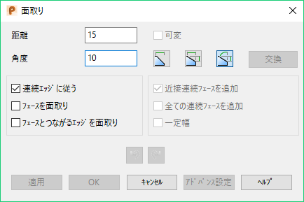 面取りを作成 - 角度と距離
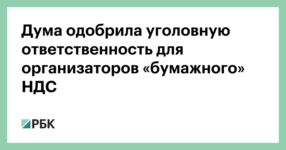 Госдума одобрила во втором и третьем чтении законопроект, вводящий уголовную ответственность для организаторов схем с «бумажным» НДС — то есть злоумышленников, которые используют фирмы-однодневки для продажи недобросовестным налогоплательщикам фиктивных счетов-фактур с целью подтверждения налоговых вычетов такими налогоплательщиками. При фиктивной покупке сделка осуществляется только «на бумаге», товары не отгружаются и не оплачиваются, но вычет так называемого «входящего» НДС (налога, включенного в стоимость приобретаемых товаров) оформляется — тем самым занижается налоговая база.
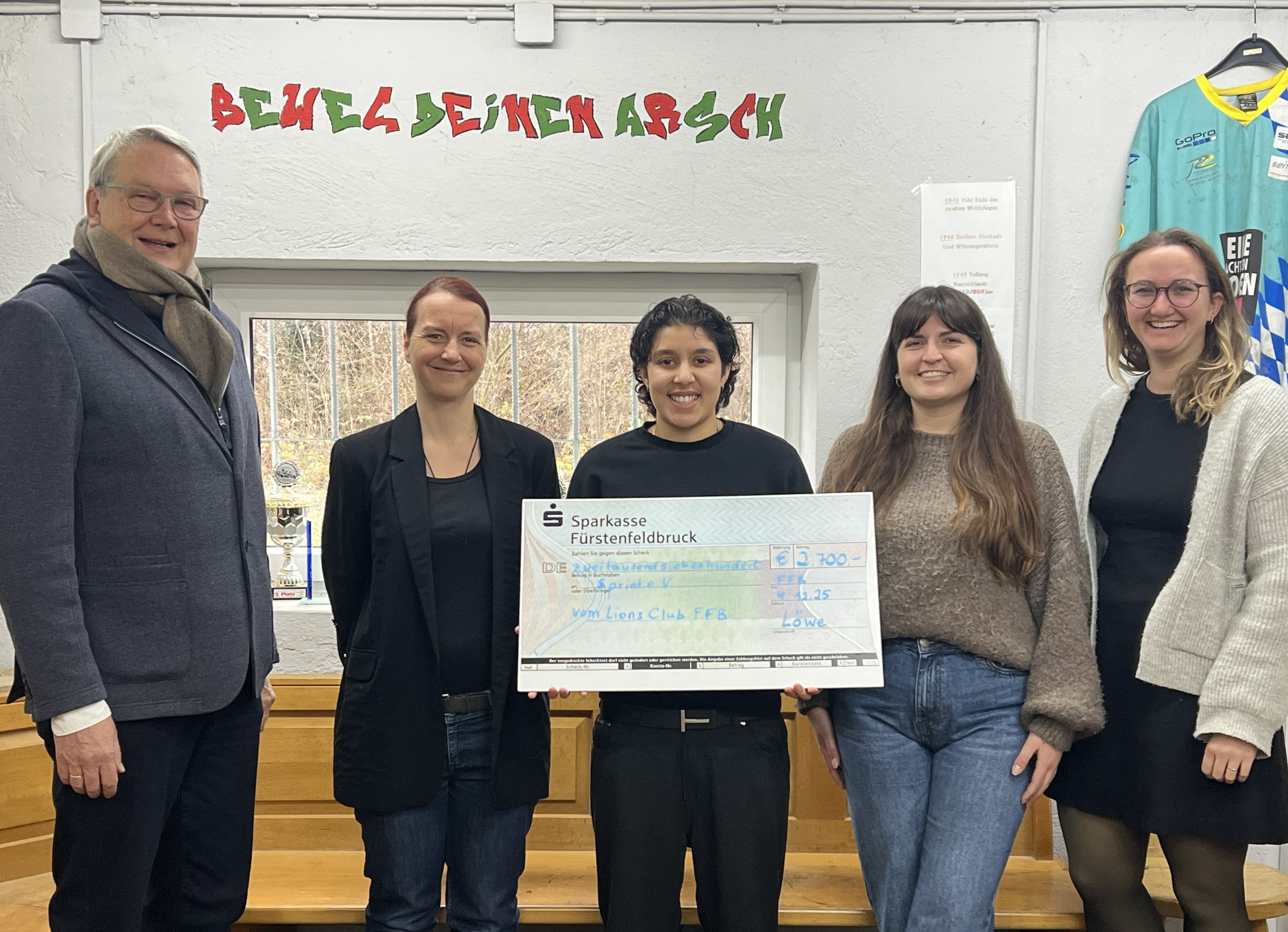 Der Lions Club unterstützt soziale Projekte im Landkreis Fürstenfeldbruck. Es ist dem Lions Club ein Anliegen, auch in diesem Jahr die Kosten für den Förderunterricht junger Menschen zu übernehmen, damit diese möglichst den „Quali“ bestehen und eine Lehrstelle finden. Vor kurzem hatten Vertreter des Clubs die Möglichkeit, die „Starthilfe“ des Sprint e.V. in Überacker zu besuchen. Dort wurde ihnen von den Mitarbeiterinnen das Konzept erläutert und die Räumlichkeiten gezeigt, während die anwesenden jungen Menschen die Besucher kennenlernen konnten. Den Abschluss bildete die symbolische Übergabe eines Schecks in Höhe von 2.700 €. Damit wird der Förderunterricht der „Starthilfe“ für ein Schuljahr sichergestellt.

-- WHAT YOU NEED TO DO --
Reproduce the material above exactly, first line through the line that contains "Госдума одобрила во", minus the pictures.

-- EXERCISE ANSWER --
 面取りを作成 - 角度と距離
 Госдума одобрила во втором и третьем чтении законопроект, вводящий уголовную ответственность для организаторов схем с «бумажным» НДС — то есть злоумышленников, которые используют фирмы-однодневки для продажи недобросовестным налогоплательщикам фиктивных счетов-фактур с целью подтверждения налоговых вычетов такими налогоплательщиками. При фиктивной покупке сделка осуществляется только «на бумаге», товары не отгружаются и не оплачиваются, но вычет так называемого «входящего» НДС (налога, включенного в стоимость приобретаемых товаров) оформляется — тем самым занижается налоговая база.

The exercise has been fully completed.